It was recently announced that, in the near future, the world will be getting more “Future Man.” With a second season of the whacky time traveling series now on the horizon, we decided to revisit the Hulu comedy, and in doing so, make the show’s card carrying bro our very own wingman.

Kevin Caliber, a United States Marine Corps veteran who is also a fitness model and stuntman, stars in the series as Blaze, the 80s BFF of Derek Wilson’s Wolf. (Check out our interview with Wilson here.)

We recently sat down with Caliber to discuss his unexpected journey with the character, menacing neon outfits, and why fans would be lining up for an 80s style Wolf and Blaze sitcom.

 

TrunkSpace: “Future Man” is an extremely unique show that strikes a unique tone. Was it also unique for you in terms of the experience?
Caliber: Yeah. It’s one of those projects that as you read the script, you had no idea where it was going. Not to say that with every show you could tell that, but a lot of the times, whenever you read scripts, you kind of have an idea of where it’s going. You have an idea of the character developments. “Future Man” was one of those that, as you read it and as it goes along, they take it to places that you didn’t expect because they’re going to the far reaches of their imagination to get there.

TrunkSpace: And comedy must be so hard to read on the page, too, because unless you’re in the room with the creative team, it’s difficult to fully absorb tone, right?
Caliber: Absolutely. It was not until the first day on set because for me, I did episode 9 without doing a table read. They brought me right onto the set and I had no idea exactly what they were going for. In the script it says something like, “Oh, a couple of menacing guys come up,” and then we see the outfits that we’re wearing.
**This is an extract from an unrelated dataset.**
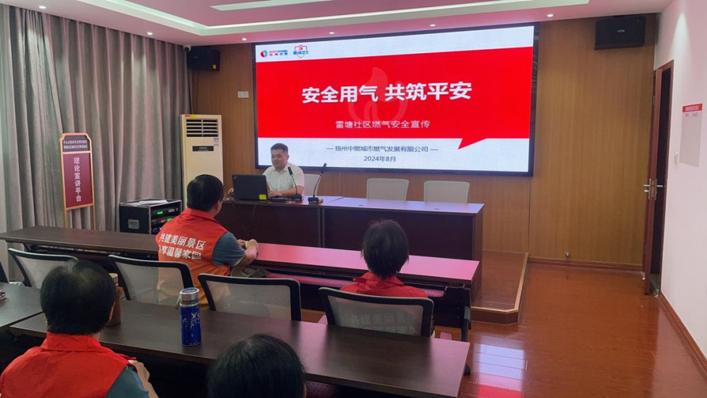 在社區(qū)會(huì)議室,揚(yáng)州中燃“藍(lán)焰”志愿者還為即將使用天然氣的莊臺(tái)居民,帶去了一場(chǎng)燃?xì)獍踩褂弥黝}講座,對(duì)燃?xì)獍踩WR(shí)、夏季安全用氣注意事項(xiàng)、燃?xì)馐鹿试蚍治龅冗M(jìn)行了詳細(xì)的講解。

It’s hard to be intimidating wearing shorty short hot pink shorts. (Laughter)

TrunkSpace: Well, menacing in the 80s, right? (Laughter)
Caliber: (Laughter) Right. 80s tough guys.

Whenever I came back for the next episode, I went in for the table read, and that was the first time that we really get the chemistry of everybody saying it aloud, and you get the tone of the story as a whole, and now you’re kind of seeing where it’s going. So you see where the comedy is, and then even between the table read and whenever it does come to shooting it a couple weeks later, the script has changed because, obviously, they make changes all the way up until being on set. And they were such a funny comedy team to work with, that they would come to me between takes and give me different things to say. You would hear a laugh come from off-camera and I’d go, “Okay, I guess that was a good one.”
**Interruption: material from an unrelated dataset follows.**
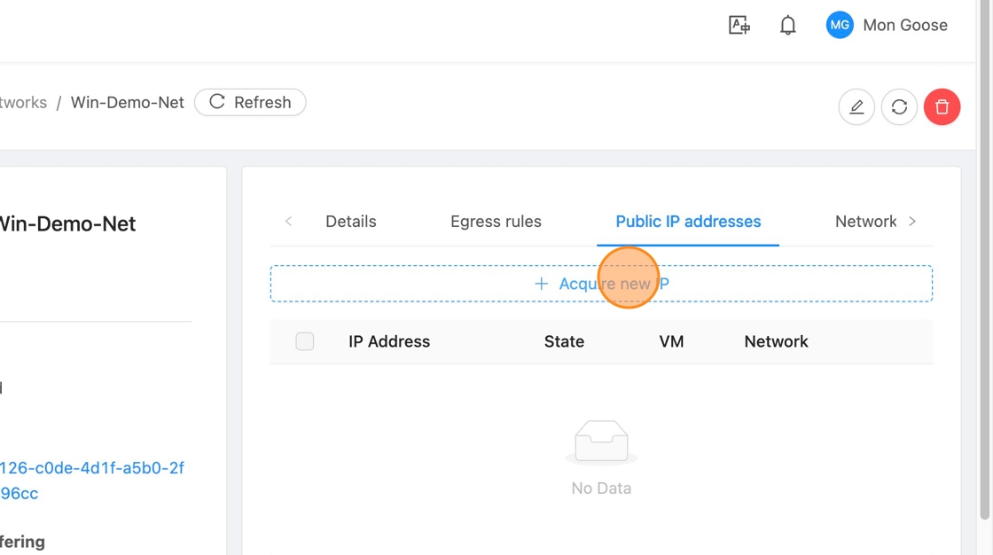 - To begin we'll be missing an IP for our network. Following the first build ACE will assign an IP to the machine and enable that IP as the source NAT.

You’re always curious to see what they’re going to use because I’ve improvised before on sets, but that one, it wasn’t so much me improv’ing but them kind of improv’ing what I was doing and then making it up on the spot. I’ve never had a chance to work with a group like that.

TrunkSpace: In comedy, sometimes working on the fly is where the best material comes from because it’s a springboard for instantaneous laughter, which signals if something is working or not.
Caliber: Absolutely, and as long as you don’t fall victim to strictly trying to make the people in the room laugh… that’s when you kind of can get meta, and now you’re just trying to make each other laugh as opposed to what will translate.

I hear about some of these methods of the editing process that they go through with these tests (screenings) and then they show you the same movie or the same scene eight different ways because they filmed it every which way, just to see how crowds react to it. Well, what’s making the people in LA laugh doesn’t necessarily make…

I’m from Missouri so I go back to Missouri and I’m cracking jokes and people have no idea what I’m talking about because I’m speaking in LA language.

TrunkSpace: You have to go back to Missouri in your menacing “Future Man” outfit. (Laughter)
Caliber: (Laughter) Yeah, that will really throw everybody off.

I was an athlete and a little bit of tough guy growing up – just a good ol’ boy from Missouri, and then I joined the Marine Corps. I was just a down and dirty type of guy. Now some of the stuff that people see me in, and how I end up getting dressed, they’re like, “Whoa, when did you become such a little pretty boy?” And I’m like, “No, I’m still the same guy!” (Laughter)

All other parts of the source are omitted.